Milenge Milenge () is a 2010 Indian Hindi-language romantic drama film. Largely based on the 2001 film Serendipity, the movie is directed by Satish Kaushik and stars Shahid Kapoor and Kareena Kapoor in their fifth and final film together (to date) following Imtiaz Ali's Jab We Met (2007). Other members from the cast include Satish Shah, Aarti Chhabria, and Delnaaz Paul. The film received overwhelmingly negative reviews from critics and bombed at the box office.

Plot
Priya Malhotra (Kareena Kapoor) is an orphan living in Delhi who hopes to have a family of her own and keeps a diary outlining her dreams and the type of man she wants to meet – someone who does not drink, smoke or tell lies. She is skeptical when her friend Honey's (Delnaaz Paul) aunt, a card reader, Sunita Rao (Kirron Kher), predicts that she will go to a foreign land and find the love of her life in seven days. She is pleasantly surprised when she is selected to go to a Youth Festival in Bangkok.

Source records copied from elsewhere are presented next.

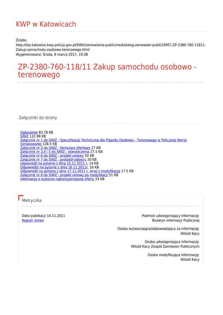 KWP w Katowicach Źródło: http://bip.katowice.kwp.policja.gov.pl/KWK/zamowienia-publiczne/katalog-zamowien-publi/10957,ZP-2380-760-11811Zakup-samochodu-osobowo-terenowego.html Wygenerowano: Środa, 8 marca 2017, 19:38 ZP-2380-760-118/11 Zakup samochodu osobowo terenowego Załączniki do strony Ogłoszenie 83.78 KB SIWZ 122.98 KB Załącznik nr 1 do SIWZ - Specyfikacja Techniczna dla Pojazdu Osobowo - Terenowego w Policyjnej Wersji Oznakowanej 138.5 KB Załącznik nr 2 do SIWZ - formularz ofertowy 27 KB Załącznik nr 3,4 i 5 do SIWZ - oświadczenia 27.5 KB Załącznik nr 6 do SIWZ - projekt umowy 50 KB Załącznik nr 7 do SIWZ - protokół odbioru 20 KB odpowiedź na pytanie z dnia 15.11.2011 r. 14 KB Odpowiedzi na pytanie z dnia 16.11.2011r. 16 KB Odpowiedź na pytania z dnia 17.11.2011 r. wraz z modyfikacją 17.5 KB Załącznik nr 6 do SIWZ - projekt umowy po modyfikacji 51 KB Informacja o wyborze najkorzystniejszej oferty 24 KB Metryczka Data publikacji 14.11.2011 Rejestr zmian Podmiot udostępniający informację: Biuletyn Informacji Publicznej Osoba wytwarzająca/odpowiadająca za informację: Witold Kacy Osoba udostępniająca informację: Witold Kacy Zespół Zamówien Publicznych Osoba modyfikująca informację: Witold Kacy
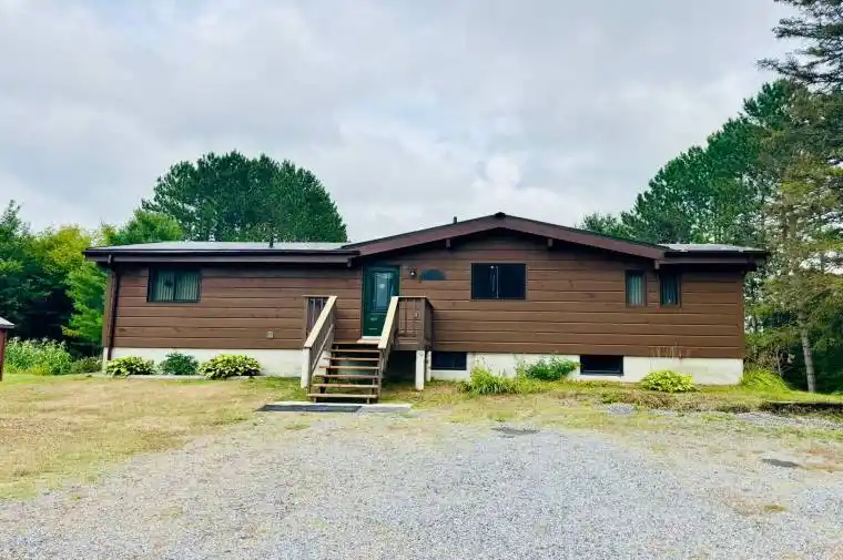 Discover a tranquil retreat on 25 acres of picturesque woodlands, complete with a spring creek, nestled in a private setting. This modern rural residence is conveniently located just 20 minutes from Burk’s Falls or Sprucedale, with public boat launches only a 10-minute drive away.This incredible property boasts two detached car garages and a spacious 20×50 barn featuring eight stalls, a 20×36 shop, a chicken house, 8×8 a new shed and ,greenhouse 10×20. Enjoy the fruits of your labor with thriving apple, pear, raspberry, blueberry, and cherry trees, along with a flourishing asparagus patch.The home offers a perfect blend of modern and rustic design, featuring an open-concept living area that seamlessly integrates the kitchen, dining, and great room. A cozy gas fireplace adds warmth and ambiance, making it an inviting space for gatherings. The kitchen is equipped with ample cabinetry and counter space, along with a stove and cooktops for all your culinary needs.The walkout basement includes large patio doors, providing easy access to the outdoors. This level also features a separate laundry room, storage area, Murphy bed and an additional 4 bedrooms currently using as cold room and dry room. complemented by a second wood stove. Two rooms in the basement have been converted into a dry room and an extra insulated cold room, adding functionality and convenience. Wildlife abounds on this stunning property, making it an ideal sanctuary for nature lovers.Dont miss the chance to create your own rural paradise.
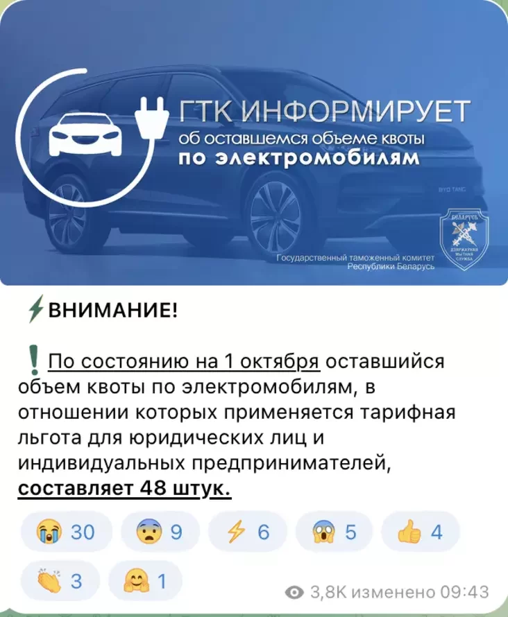 Аднак па стане на 1 кастрычніка 2025 года ў Беларусі вычарпалі квоты на бяспошлінны ўвоз электракараў.

That is where Immy (Shahid Kapoor) enters. Immy is a complete opposite to what Priya wants in a guy. He smokes, drinks, and lies. Due to his bad habits, Immy is being chased by security and he runs into Priya's hostel room to hide. Before he leaves, he sees Priya and falls in love with her. He takes her diary and escapes. He then pretends to be the guy Priya wants to be with, and the two start a relationship. Soon enough, Priya spots her diary in his room, and realises he had stolen her diary and pretended to be like her dream man. She breaks up with him, and returns to Delhi to forget about her past.

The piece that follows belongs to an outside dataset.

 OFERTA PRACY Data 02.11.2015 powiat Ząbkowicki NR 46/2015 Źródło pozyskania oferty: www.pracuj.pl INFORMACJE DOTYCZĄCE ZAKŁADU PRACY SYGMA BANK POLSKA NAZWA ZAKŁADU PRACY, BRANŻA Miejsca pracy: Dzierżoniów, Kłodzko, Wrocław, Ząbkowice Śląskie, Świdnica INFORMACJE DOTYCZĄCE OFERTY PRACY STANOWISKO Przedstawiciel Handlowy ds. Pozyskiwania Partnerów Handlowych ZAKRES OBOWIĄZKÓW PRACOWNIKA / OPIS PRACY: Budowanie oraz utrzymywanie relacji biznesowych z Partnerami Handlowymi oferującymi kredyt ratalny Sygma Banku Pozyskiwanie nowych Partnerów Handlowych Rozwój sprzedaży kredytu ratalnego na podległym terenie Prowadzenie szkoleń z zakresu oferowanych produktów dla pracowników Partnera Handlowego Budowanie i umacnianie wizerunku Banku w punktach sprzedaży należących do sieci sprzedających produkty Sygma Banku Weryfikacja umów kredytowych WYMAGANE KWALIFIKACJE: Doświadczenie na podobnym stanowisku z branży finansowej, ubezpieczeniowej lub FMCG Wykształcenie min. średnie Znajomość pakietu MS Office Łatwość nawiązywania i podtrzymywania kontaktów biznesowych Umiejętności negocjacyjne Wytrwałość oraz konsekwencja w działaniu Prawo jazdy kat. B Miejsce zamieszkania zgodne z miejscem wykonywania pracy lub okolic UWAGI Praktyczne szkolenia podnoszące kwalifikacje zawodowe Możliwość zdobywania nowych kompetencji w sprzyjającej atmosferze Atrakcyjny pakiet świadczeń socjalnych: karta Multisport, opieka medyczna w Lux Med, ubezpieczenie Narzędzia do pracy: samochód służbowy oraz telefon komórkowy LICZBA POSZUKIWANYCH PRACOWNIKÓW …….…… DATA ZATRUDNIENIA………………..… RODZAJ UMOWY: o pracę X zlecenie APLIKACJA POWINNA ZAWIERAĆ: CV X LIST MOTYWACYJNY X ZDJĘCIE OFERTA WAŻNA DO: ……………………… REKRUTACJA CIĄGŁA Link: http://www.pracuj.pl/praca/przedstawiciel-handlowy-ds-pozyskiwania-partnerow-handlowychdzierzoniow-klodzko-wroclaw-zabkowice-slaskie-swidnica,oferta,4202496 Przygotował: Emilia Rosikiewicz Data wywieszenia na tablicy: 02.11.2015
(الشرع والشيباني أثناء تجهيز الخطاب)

After she reaches the airport, Immy also arrives, and explains to her that destiny wants them together. Priya does not believe him and therefore challenges him that if destiny did want them together, they would both find each other again in future. In order to prove it, she asks Immy to write his name and phone number on a currency note and uses it to buy a Numerology book, in which she writes her own name and phone number and then she sells it in a market. Additionally, Priya takes Immy to a hotel, where they both take separate lifts. If both of them press the same button in the elevator, it will prove that destiny brought them together. Although Priya and Immy press the same button, Immy's lift slows down because a child entered the lift and pressed all the buttons. As a result, Immy could not meet Priya. Now, it was all up to the currency note and the Numerology book coming back to Priya and Immy respectively for them to get back together.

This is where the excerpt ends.